Misi ini menyatukan berbagai denominasi Kristen yang, meskipun dalam keadaan sulit, terus mengupayakan persatuan.
Sejak tahun 2015, perwakilan dari berbagai pengakuan di Kharkiv telah berpartisipasi dalam Pekan Doa tahunan untuk Persatuan Umat Kristiani.

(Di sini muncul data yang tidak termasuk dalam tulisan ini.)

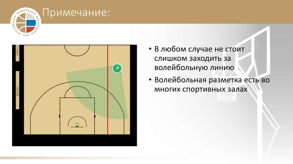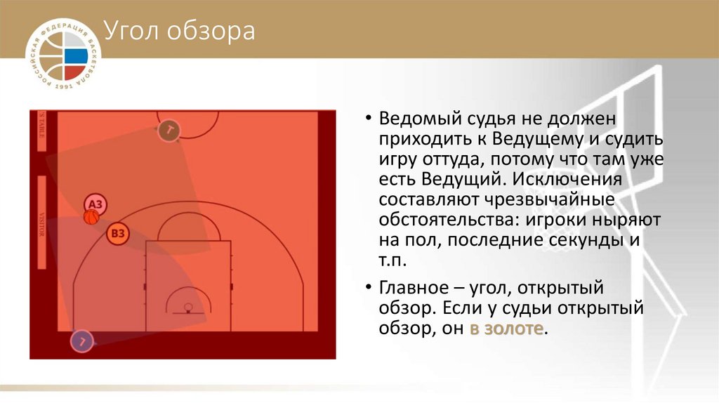 Угол обзора• Ведомый судья не должен

Biasanya pada kesempatan itu, mereka bergantian berdoa di gereja-gereja kota. Tahun ini, yang ditandai dengan perang, tidak terkecuali. Berbeda dengan tahun-tahun sebelumnya, inisiatif ini hanya berlangsung selama tiga hari, karena beberapa perwakilan Gereja meninggalkan kota tersebut.
Uskup Pavlo Honcharuk menggambarkan pertemuan doa di katedral Katolik-Yunani, kemudian di katedral Katolik Roma dan di gereja Lutheran.
“Dalam kesulitan yang kita alami, persatuan dan keterbukaan ini diwujudkan dalam ruang untuk saling membantu,” tegasnya.
Selain pertemuan doa bersama, beliau menyimpulkan, kerjasama antar umat beragama juga terjadi di bidang bantuan kemanusiaan, dimana “semua perpecahan dihapuskan,” karena sudah jelas bahwa “kita harus membantu orang, dan kita harus membantu orang-orang dan kita punya untuk membantu negara kita mempertahankan diri.”